Sucedió en junio de 1990. El Muro de Berlín había caído hacía poco menos de un año, dejando herido de muerte al bloque socialista y advirtiendo de lo que estaba por venir, pues apenas un año más tarde también se confirmaría la disolución de la URSS y, casi paralelamente, estallaría la Guerra de los Balcanes, el conflicto armado más sangriento acontecido en Europa desde el fin de la Segunda Guerra Mundial, que desembocó en el fin de Yugoslavia. Un año antes de que los acontecimientos se precipitaran los futbolistas de la selección de Holanda fueron testigos involuntarios de que algo no iba bien en los Balcanes en su visita a Zagreb, la capital de la entonces autonomía de Croacia. Cuando sonó el himno yugoslavo en el estatio Maksimir la afición, de mayoría claramente croata, empezó a abuchear el himno. Los croatas ya no sentían que Yugoslavia les representara.

Los holandeses no entendían nada. Frank Rijkaard y Marco Van Basten, los autores del 0 a 2 con el que acabó el partido, se miraban incrédulos. Lo que no sabían Leo Beenhakker y sus futbolistas es que Yugoslavia estaba a punto de implosionar. La muerte del mariscal Josip Broz Tito en 1980 había sumido el país en una deriva social y económica de la que ya no se recuperaría. Diez años más tarde de la muerte del jefe del estado yugoslavo desde 1953 los nacionalismos internos y el choque religioso entre los distintos grupos culturales agitaron la sociedad balcánica como hacía décadas que no sucedía en Europa y aquella pitada que el público de Zagreb, mayoritariamente croata, dedicó a una selección que ya no sentía como propia puso de manifiesto que algo gordo iba a pasar.

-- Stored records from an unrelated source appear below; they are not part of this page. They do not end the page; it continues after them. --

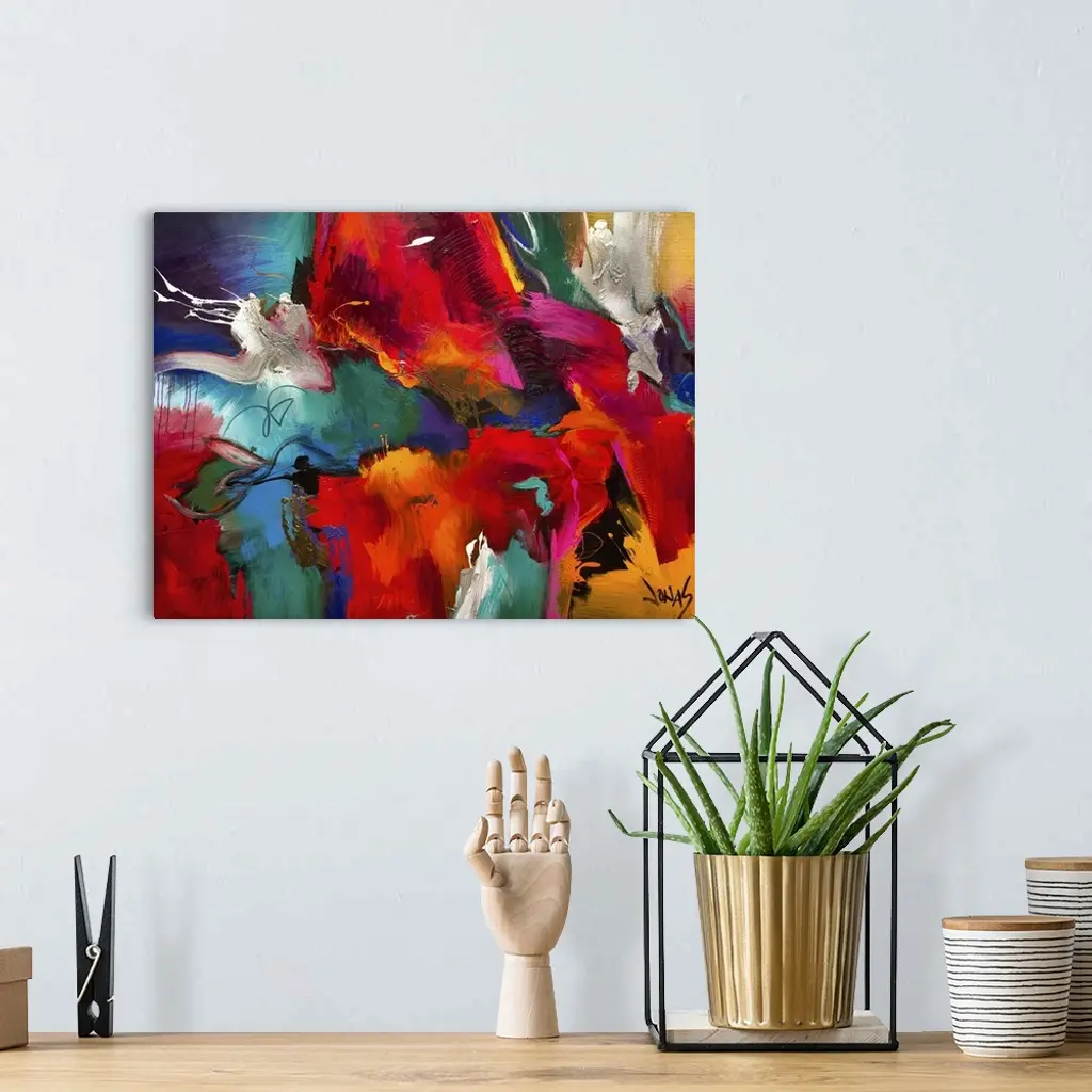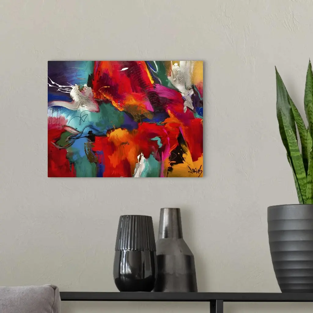 Contemporary abstract painting using wild and vivid colors to create movement and depth.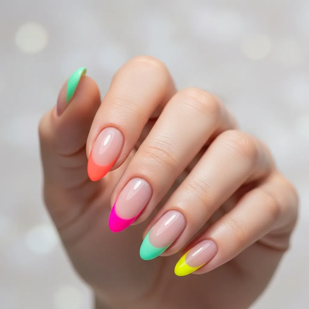 Keep the base milky nude. It makes the bright tips pop beautifully.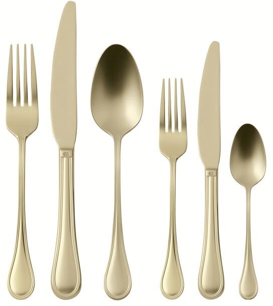 Mit diesem Sambonet Royal Besteckset in Champagne holst du dir klassische Eleganz und modernes Design zugleich an deinen Tisch. Das umfassende 36-teilige Set wurde speziell für den modernen Haushalt entwickelt, in dem Ästhetik und Funktionalität gleichermaßen zählen. Die raffinierte Oberfläche und die solide Konstruktion verleihen jeder Tischdeckung eine besondere Note und machen jede Mahlzeit zu einem stilvollen Erlebnis.Das Besteck besteht aus hochwertigem 18/10 Edelstahl mit einer Materialstärke von 3 mm, was nicht nur Langlebigkeit garantiert, sondern auch ein angenehmes Gewicht in der Hand bietet. Die champagnerfarbene Oberfläche wird durch die fortschrittliche PVD-Technik erzielt – ein innovatives Verfahren, bei dem Metallpartikel in einer Vakuumkammer verdampft werden, um die charakteristische Farbe und Nuance zu erzeugen. Das Ergebnis ist eine faszinierende matte Oberfläche, die sowohl elegant als auch zeitlos wirkt.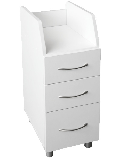 Szafka z 3 szufladami na prowadnicach rolkowych. Boki szuflady wykonane ze specjalnych wąskich prowadnic. Efektem tego są większe szuflady. Wewnętrzny wymiar szuflady 23x33. Szafka ma zainstalowane stopki.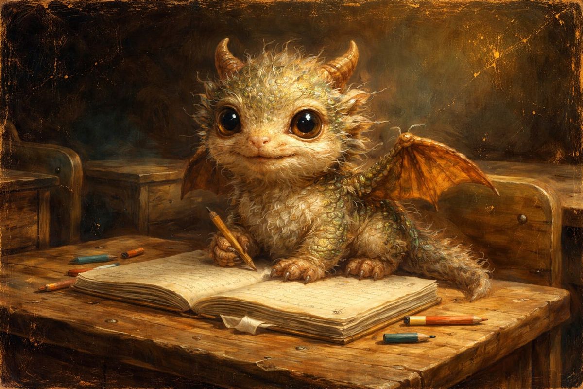 This image shows a tiny, fluffy baby dragon on a child's school desk, rendered in a highly detailed, realistic oil painting style with visible brushstrokes on an old canvas.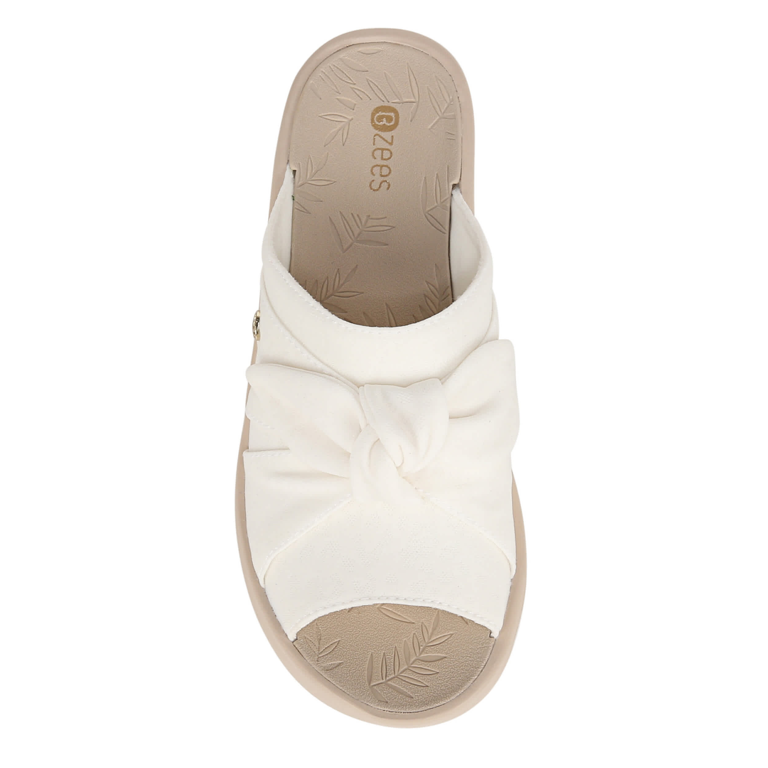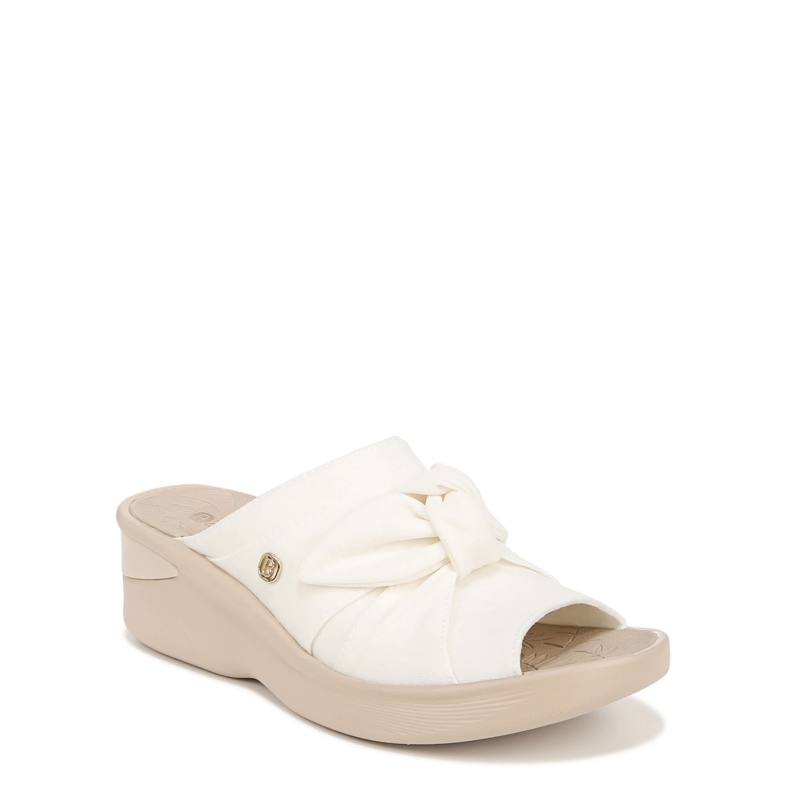 She'll look cute and comfy in the BZees Smile women's wedge sandal. With a stretch fabric upper, these slip-on sandals feature BZEES Cloud Technology and a stylish knotted bow. The Free Foam footbed and air infused outsole makes you feel weightless and energized, while the 2" wedge heel is just enough lift.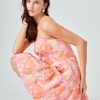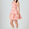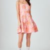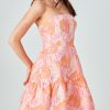 Endless Rose Women’s Dresses Lindsey Floral Jacquard Strapless Blouson Mini Dress | Pink & Orange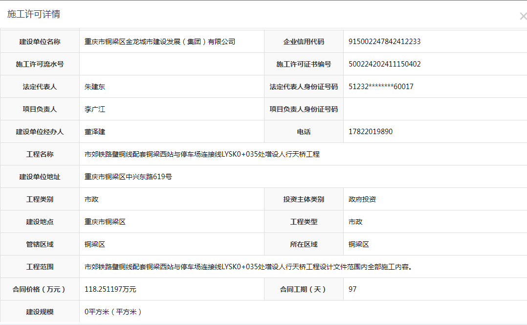 市郊铁路璧铜线配套铜梁西站与停车场连接线LYSK0+035处增设人行天桥工程施工许可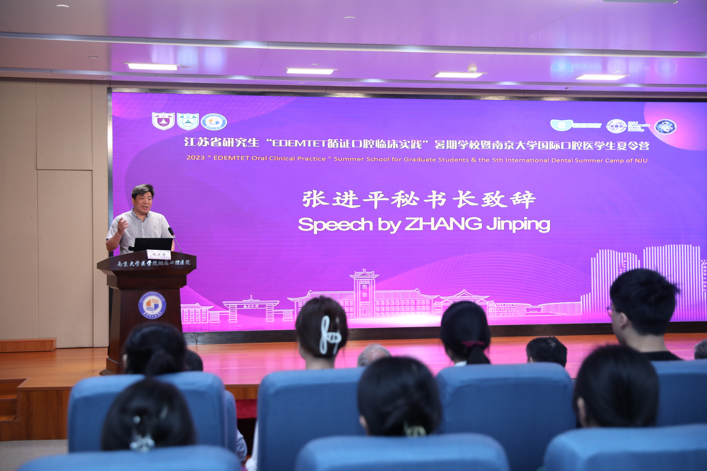 7月16日上午, 江苏省研究生“EDEMTET 循证口腔创新实践”暑期学校暨南京大学第五届国际口腔医学生夏令营正式开幕。该项目是由江苏省医学类研究生教育指导委员会主办,南京大学医学院口腔医学院承办,同时得到了欧盟高等教育 Erasmus+项目和南京大学全球战略合作伙伴推进计划 GESP 项目的大力支持。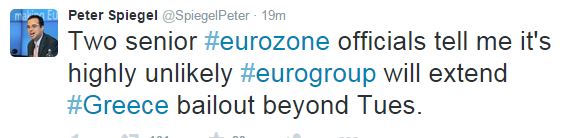 “Δύο αξιοματουχοι της ευρωζώνης μου είπαν ότι είναι ιδιαίτερα απίθανο το Eurogroup να επεκτείνει το πρόγραμμα για την Ελλάδα πέρα από την Τρίτη”, έγραψε στον προσωπικό του λογαριασμό στο twitter, ο αθρογράφος των FT, Πίτερ Σπίγκελ.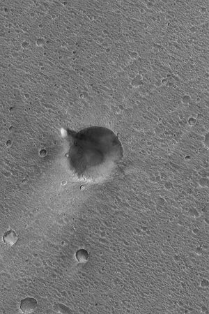 This image from NASA's Mars Global Surveyor shows a volcano and surrounding terrain on Mars that have been thickly mantled…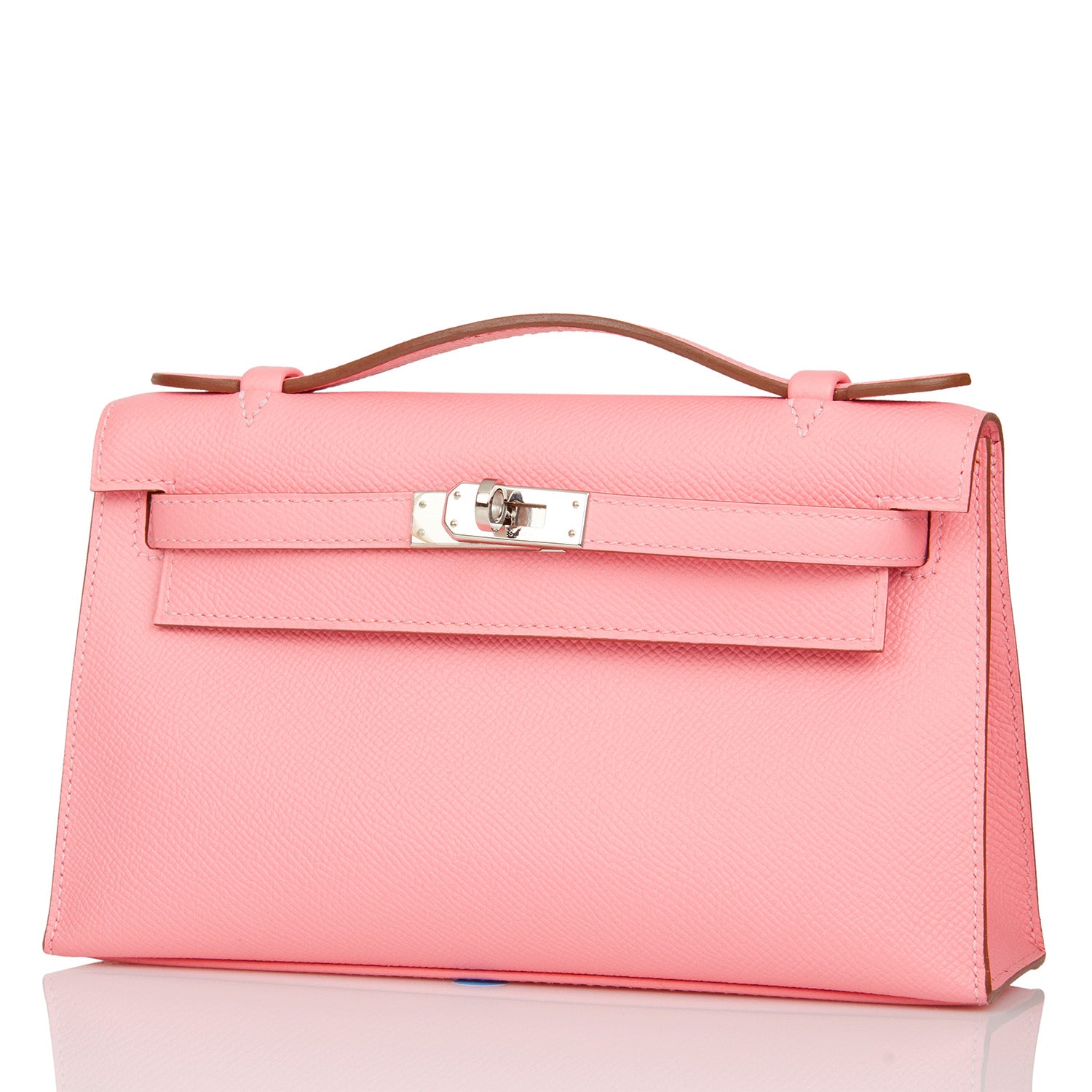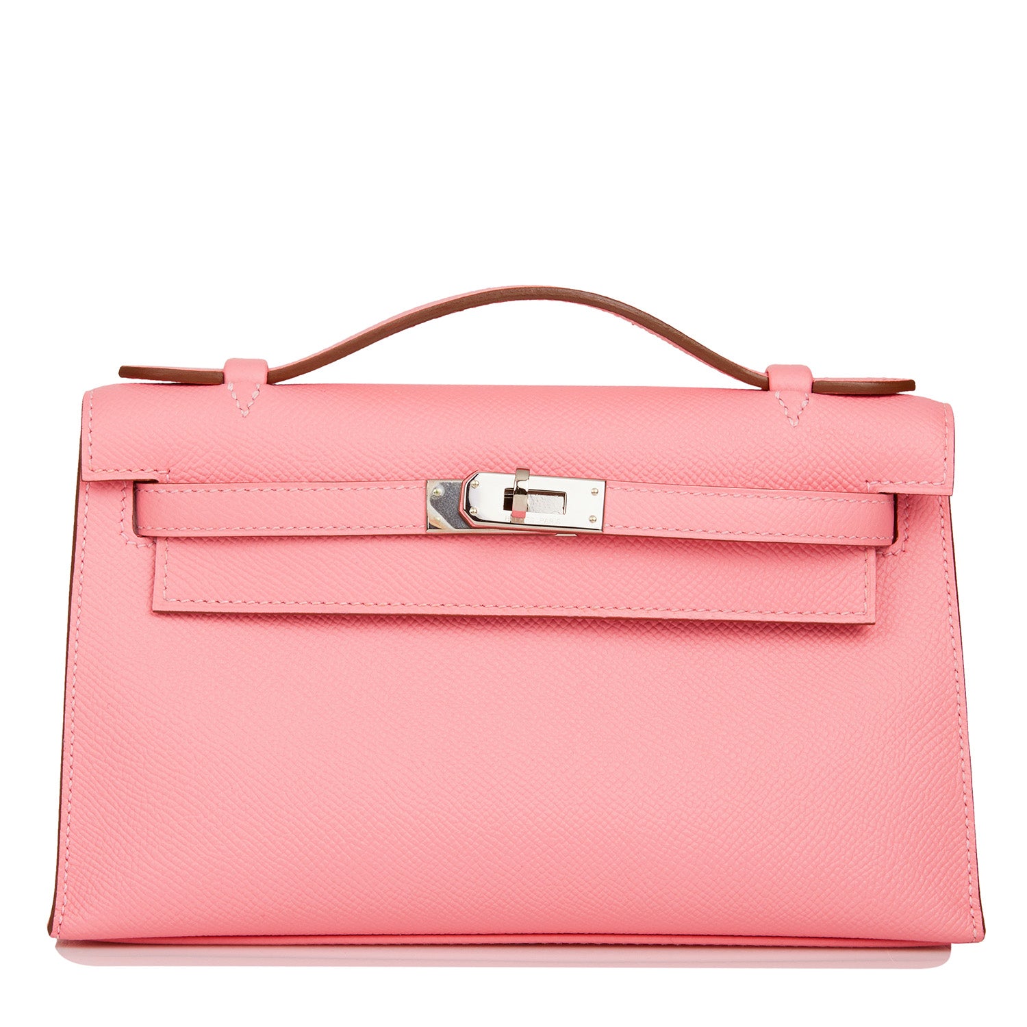 This Mini Kelly Pochette is in Rose Confetti epsom leather with palladium hardware and has tonal stitching, front flap, two straps with center toggle closure and a top flat handle.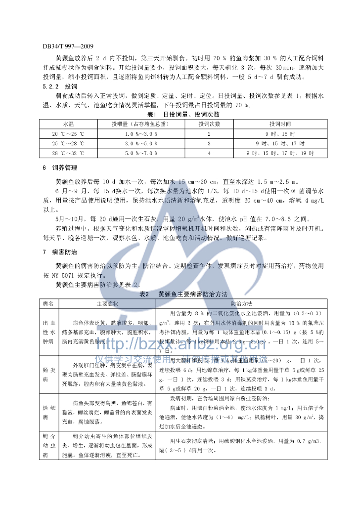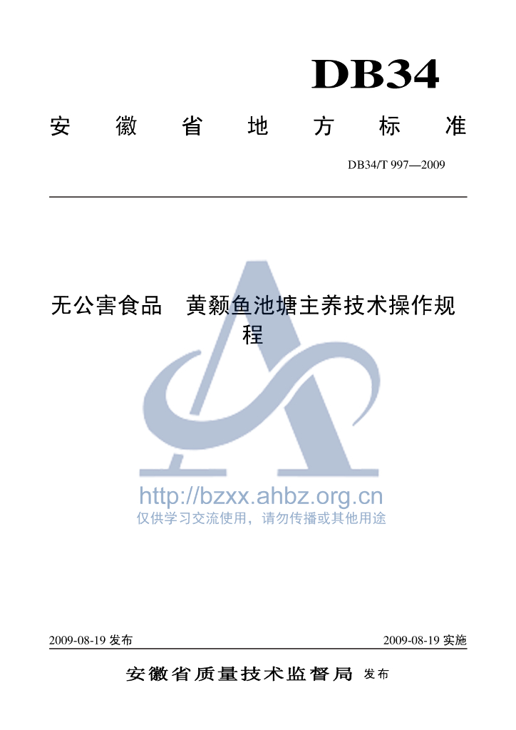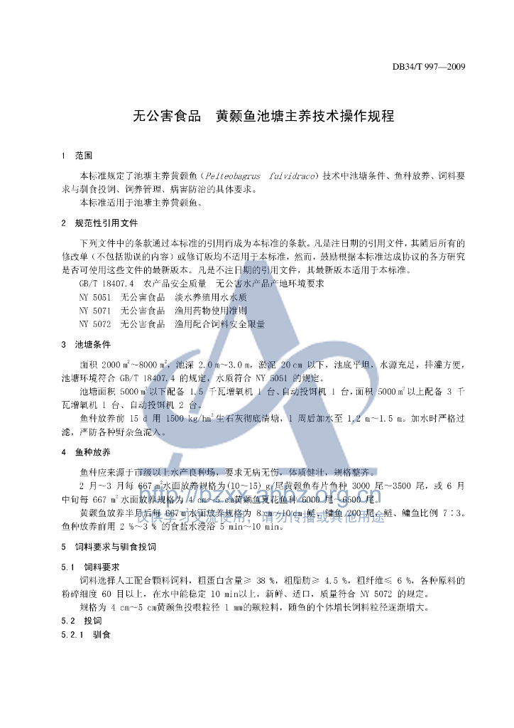DB34/T 997-2009 无公害食品 黄颡鱼池塘主养技术操作规程
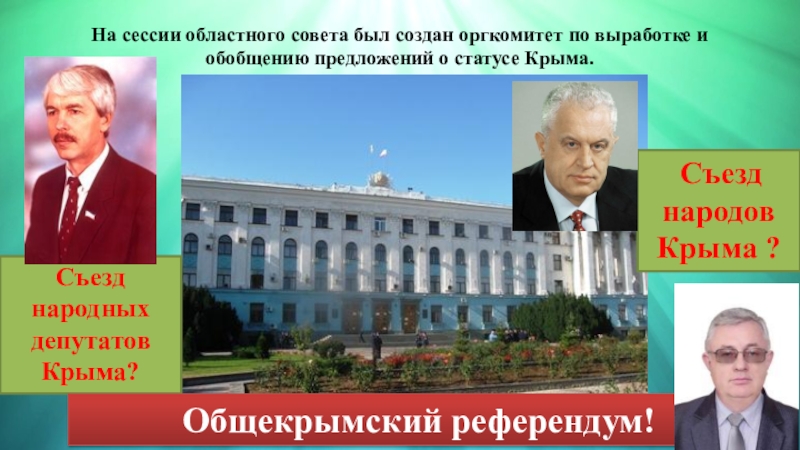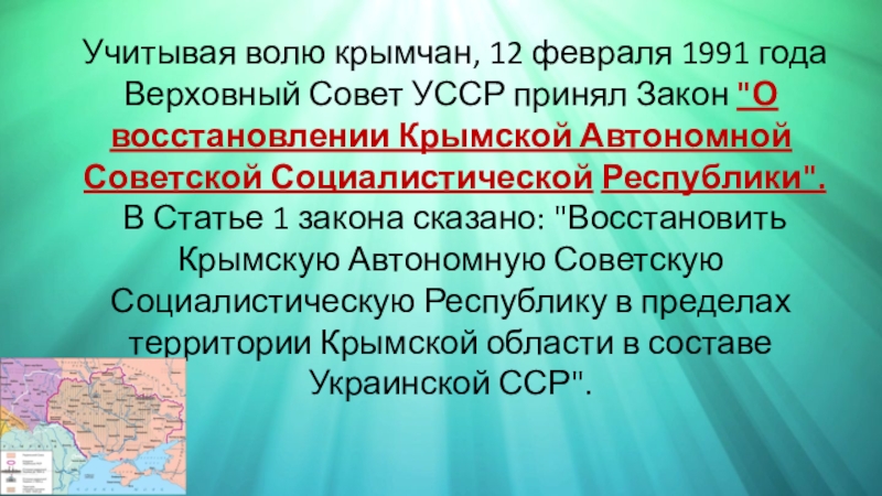 Слайд 23Учитывая волю крымчан, 12 февраля 1991 года Верховный Совет УССР принял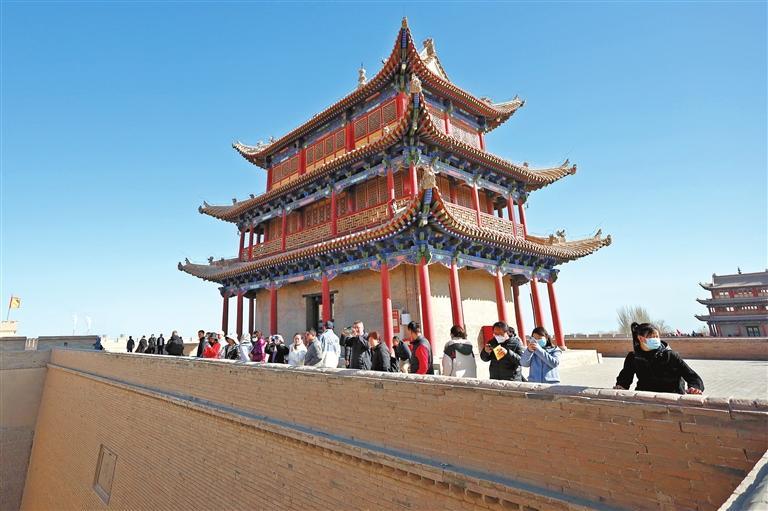 3月4日,游客在嘉峪關(guān)關(guān)城景區(qū)參觀游覽。春暖復(fù)蘇,甘肅省不少古絲綢之路節(jié)點(diǎn)城市喜迎旅游開門紅。在擁有世界文化遺產(chǎn)的甘肅省嘉峪關(guān)市,歷史文化古跡、現(xiàn)代主題樂(lè)園、夜市等景點(diǎn),都吸引了不少游客前來(lái)游覽體驗(yàn)。今年以來(lái),當(dāng)?shù)赝瞥鑫穆孟M(fèi)券、景點(diǎn)優(yōu)惠套票、獎(jiǎng)補(bǔ)扶持政策等一系列措施,提振文旅消費(fèi)市場(chǎng)信心,助推絲路文旅產(chǎn)業(yè)強(qiáng)勁復(fù)蘇。

Porque los pitidos al himno pusieron en evidencia que había que reformular Yugoslavia o arriesgarse al baño de sangre que fue y que duró diez años, entre 1991 y 2001, saldándose con doscientos cincuenta mil víctimas mortales civiles. Antes de que esto sucediera la multiculturalidad yugoslava que representaba el himno de una selección que iba a formar con cinco bosnios (Mirsad Baljic, Faruk Hadzibegic, Davor Jozic, Safet Susic y Zlatko Vujovic), tres serbios (Predrag Spasic, Dragan Stojkovic y Dejan Savicevic), dos croatas (Tomislav Ivkovic y Zoran Vulic) y un esloveno (Srecko Katanec) voló por los aires, como el equilibrio que mantuvo a los Balcanes en paz desde el final de la Segunda Guerra Mundial. Todos ellos todavía tendrían tiempo de competir por última vez bajo una misma bandera en el Mundial de Italia 90, cayendo en los cuartos de final frente a la Argentina subcampeona de Diego Armando Maradona. Lo que vino después constituye el capítulo más triste de la historia europea desde 1945, con permiso del drama de los últimos años en el Mar Mediterráneo.